CVE-2025-8608

The Mihdan: Elementor Yandex Maps plugin for WordPress suffers from a stored cross-site scripting (XSS) vulnerability in all versions up to and including 1.6.11. The flaw arises from insufficient input sanitization and output escaping on user-supplied attributes within the plugin's blocks. Specifically, fields like balloon_content_header and balloon_content_body were rendered without proper escaping, allowing malicious scripts to be stored in the database[1].

To exploit this vulnerability, an attacker must be authenticated with at least contributor-level access to the WordPress site. The attacker can inject arbitrary JavaScript into plugin attributes via the block editor. When any user, including administrators or visitors, views the compromised page, the injected script executes within the context of the victim's browser[1].

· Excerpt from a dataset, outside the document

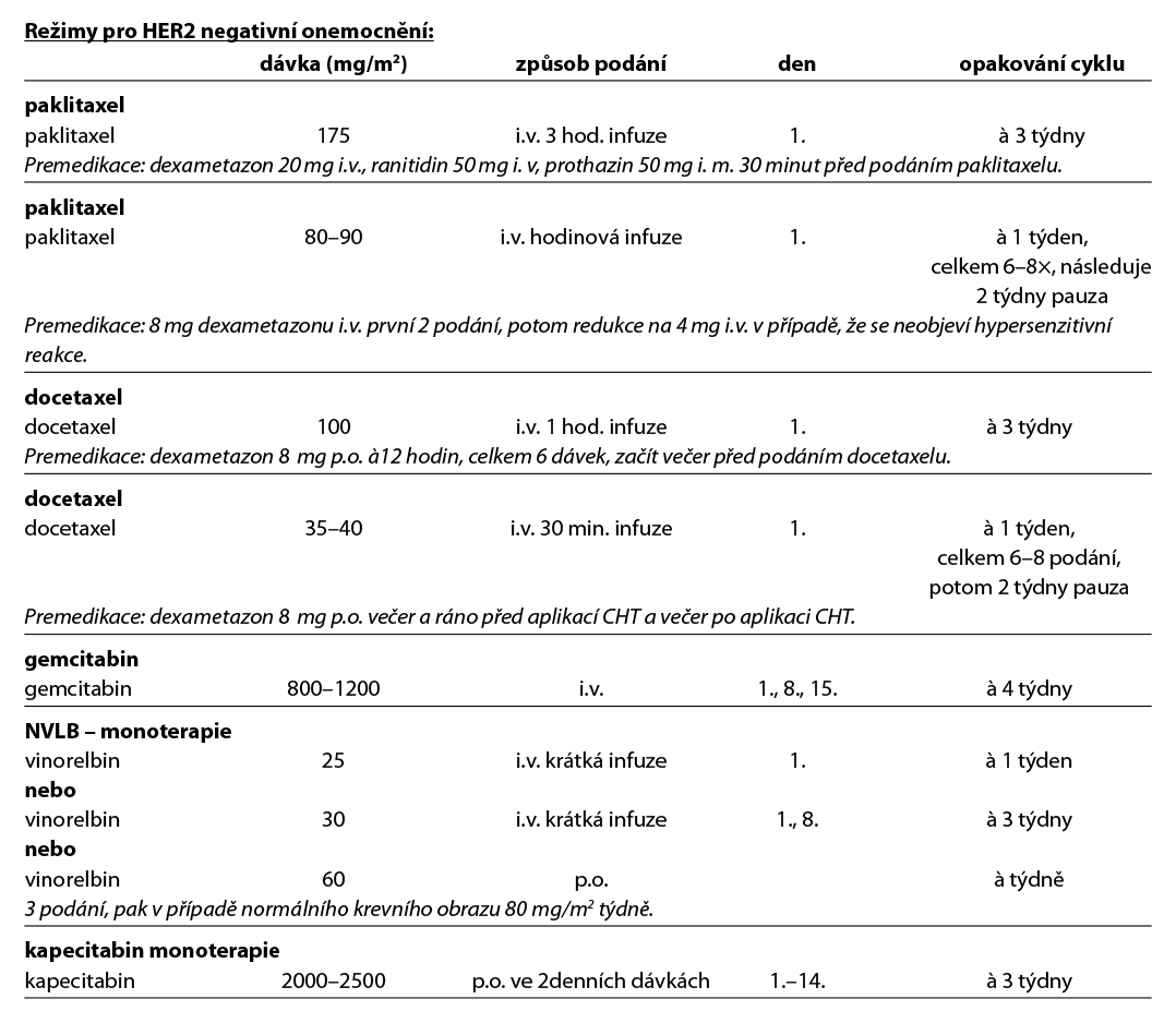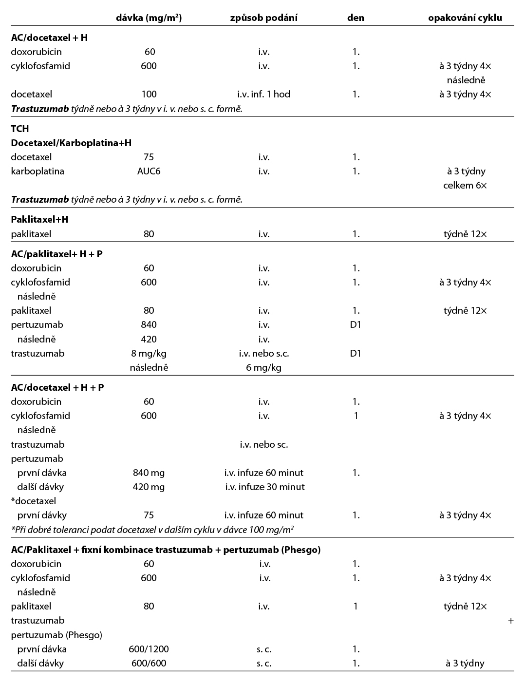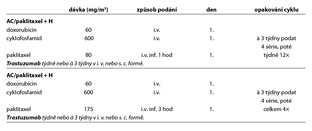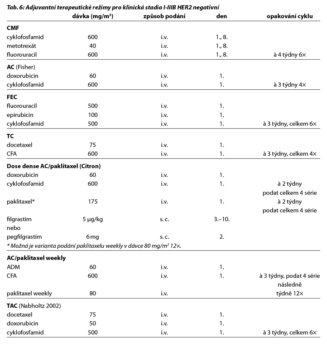 Nejčastější kombinace cytostatik jsou uvedeny v Tab. 5. Taxany v adjuvantní léčbě je možné podat v následujících kombinacích: AC-T (doxorubicin, cyklofosfamid 4×, paklitaxel 4× à 21 dní, preferovaný paklitaxel weekly 12×), v kombinaci AC-D (ADM, CFA 4×, následně docetaxel 4× vše à 21 dní), TAC (docetaxel, doxorubicin, cyklofosfamid 6×), 4–6× TC (docetaxel, cyklofosfamid), v režimu 4× FEC 100 – paklitaxel weekly 100 mg/m2 8× nebo v režimu – 3× FEC 100 a 3× docetaxel (PACS 01).

Successful exploitation can lead to a range of impacts, including session hijacking, defacement of the site, or redirection to malicious websites. Since the XSS is stored, the payload persists and affects every subsequent visitor to the affected page.

The vulnerability has been addressed in version 1.7.0 of the plugin. The fix includes adding wp_kses_post() to sanitize output fields and modifying the template syntax from {{{ }}} to {{ }} to disable raw HTML rendering[1]. Users are advised to update to the latest version immediately.